# 03 New Beetle Convertible Window Problems



## wtwanw (Feb 4, 2008)

Does anyone have instructions for installing the rear window regualtor repair kirs for an 03 Beelte Conv? 
Also, Passenger side front window will not roll up/down as it is supposed to when you open the door. Now every time someone opens the door the window gets stuck on the outside of the car. has anyone else had this problem or have suggestions for repair?? 
I absolutley refuse to take it back to the dealership.. Every time I do it comes back with more problems than when I left it.


----------



## CGK (Mar 30, 2005)

*Re: 03 New Beetle Convertible Window Problems (wtwanw)*

http://www.bentleypublishers.c...l.htm
Before you attempt this job, take a look at this. The rear window regulators are more complex than meets the eye. 
That's german overengineering for ya http://****************.com/smile/emthup.gif 
Good luck


----------



## CGK (Mar 30, 2005)

*Re: 03 New Beetle Convertible Window Problems (CGK)*

BTW, you should be able to get your front window drop issue repaired with updated window regulators that are covered under a Service Bulletin. But, you'll need to get the dealer to do it if you want it done under the bulletin and at no charge.
Otherwise, you could buy new front regulators and install them yourself. 
Just giving you the options.
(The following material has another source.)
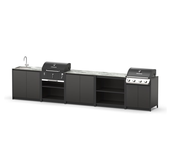 Барбекю комплексы — это современные уличные конструкции, которые станут идеальным решением для приготовления разнообразных блюд и качественного отдыха на природе. На такой кухне сборного типа есть все самое необходимое. Ее комплектация зависит от предпочтений и требований хозяев. Модульные барбекю зоны могут быть оснащены газовым грилем, плитой, мойкой, рабочей поверхностью и вместительными ящиками для хранения. Этого арсенала вполне достаточно для того, чтобы готовить вкусные и сочные шедевры кулинарии. Сборные барбекю комплексы изготовлены из прочных и долговечных материалов, которые позволяют готовой конструкции оставаться устойчивой к разного рода воздействиям в любое время года. Она не боится влаги, солнечных лучей и механического воздействия. Благодаря этому, можно использовать барбекю комплексы от производителя круглогодично, не переживая эксплуатационные свойства и внешний вид изделия. Барбекю зоны выполнены в стиле лофт, что отвечает всем актуальным тенденциям ландшафтного дизайна. Такие современные конструкции выглядят стильно, лаконично и станут настоящим украшением для дачи, беседки, террасы, загородного дома.За счет того, что конструкция сборная, она может быть абсолютно индивидуальной. Каждый хозяин сможет выбрать необходимую комплектацию, которая позволит наслаждаться пространством в полной мере. Больше не нужно бегать в дом за всем необходимым, потому что все самое важное находится по рукой.
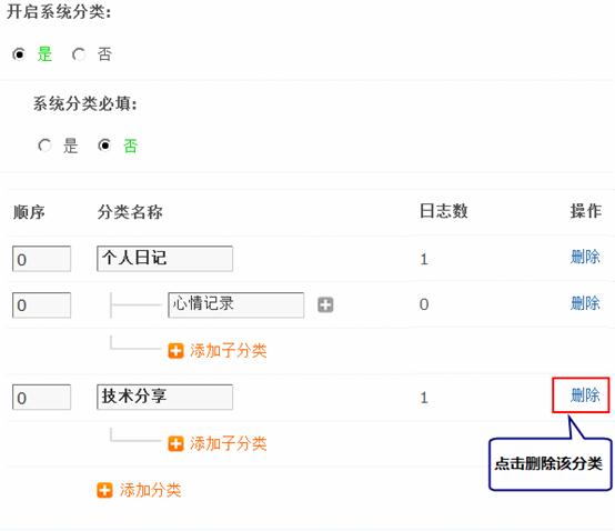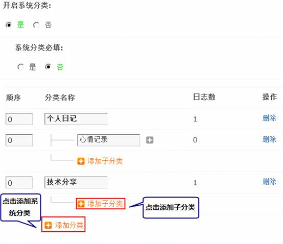 开启系统分类:选择“是”将开启系统日志分类功能,选择“否”则不开启日志分类,会员发表日志的时候只有个人分类,个人分类需要会员自己增加。

Good Luck


----------



## beetlegirlvw (Jun 24, 2004)

*Re: 03 New Beetle Convertible Window Problems (CGK)*

I am also having the issue with the window not dropping on my VW when I open the door. Does anyone have what he TSB on the window says regarding its replacement? My car is out of warranty. Or does anyone have a DIY Thread to fix this window issue? Sometimes it does vent to shut properly and other times it does not. Does it actually need a new regulator or is something just out of whack?
Thanks!


----------



## wtwanw (Feb 4, 2008)

*Re: 03 New Beetle Convertible Window Problems (beetlegirlvw)*

My 03 conv is also no longer under mfg warranty but I took it to the VW dealer as recommended by CGK above and they did repair it for free!! It was not the regulator. It only took about 2 hours to have it repaired.


----------



## Billsbug (Sep 15, 2004)

*Re: 03 New Beetle Convertible Window Problems (wtwanw)*

Correct, they just replace the part of the regulator that always breaks.


----------



## beetlegirlvw (Jun 24, 2004)

*Re: 03 New Beetle Convertible Window Problems (Billsbug)*

You guys are awesome. Does anyone know the TSB reference # that indicates the replacement of these parts? The dealer suggested if I had this information that it would be more favorable to have them cover it.


----------



## Billsbug (Sep 15, 2004)

*Re: 03 New Beetle Convertible Window Problems (beetlegirlvw)*

I don't believe there was ever a TSB on the window drop issue, it was taken on a case-by-case basis. 
This has been discussed many times b4 here, but this is the deal: On '03-'04MY's you had to pull the door handle for the windows to drop, but on the '05+MY's the windows drop when you use the remote to unlock the car. On the '05MY's, the software and regulators were changed to allow for MORE and IMMEDIATE window drop, because on the '03 and '04MY's the top of the driver's window would sometimes scrape against the top seam of the top when you pulled the door open, thus causing wear on that seam and eventually causing it to wear through. 
If you took it in early enough, like I did in 2005, and you had a good dealer, like I do, they would repair the top, replace the window regulators and upload the '05 software n/c. I doubt you'd get it for free anymore, but ask anyway!


----------



## beetlegirlvw (Jun 24, 2004)

*Re: 03 New Beetle Convertible Window Problems (Billsbug)*

The dealership just called and apparently the issue is actually with the door latch that will not vent the windo properly. Has anyone experienced this? The replacement cost is $377.06








I feel like I'm being taken for a ride here considering I told them that I knew a TSB existed and the number of other converts out there that have been repaired with this fix.


----------



## Boogety Boogety (Jun 22, 2003)

*Re: 03 New Beetle Convertible Window Problems (beetlegirlvw)*

Well, the always-helpful and quite-knowledgeable Billsbug already mentioned the _lack _of a TSB, so you're out of luck there...
Unless there's something mechanically-wrong with your regulators, you might try this for only $60... it's neat to have even if it isn't the fix you really need, and it may just solve your problems for a lot less than three bills:
http://forums.vwvortex.com/zerothread?id=3187961
This gadget is installed by anyone (and I mean _anyone_), with the capability to plug a plug into a socket, in under two minutes; it drops and/or lowers your windows on open from the remote, and closes your windows on lock-up. Perfect for an NBC.


----------



## oooodriver (Aug 19, 2005)

*Re: 03 New Beetle Convertible Window Problems (beetlegirlvw)*


_Quote, originally posted by *beetlegirlvw* »_The dealership just called and apparently the issue is actually with the door latch that will not vent the windo properly. Has anyone experienced this? The replacement cost is $377.06








I feel like I'm being taken for a ride here considering I told them that I knew a TSB existed and the number of other converts out there that have been repaired with this fix. 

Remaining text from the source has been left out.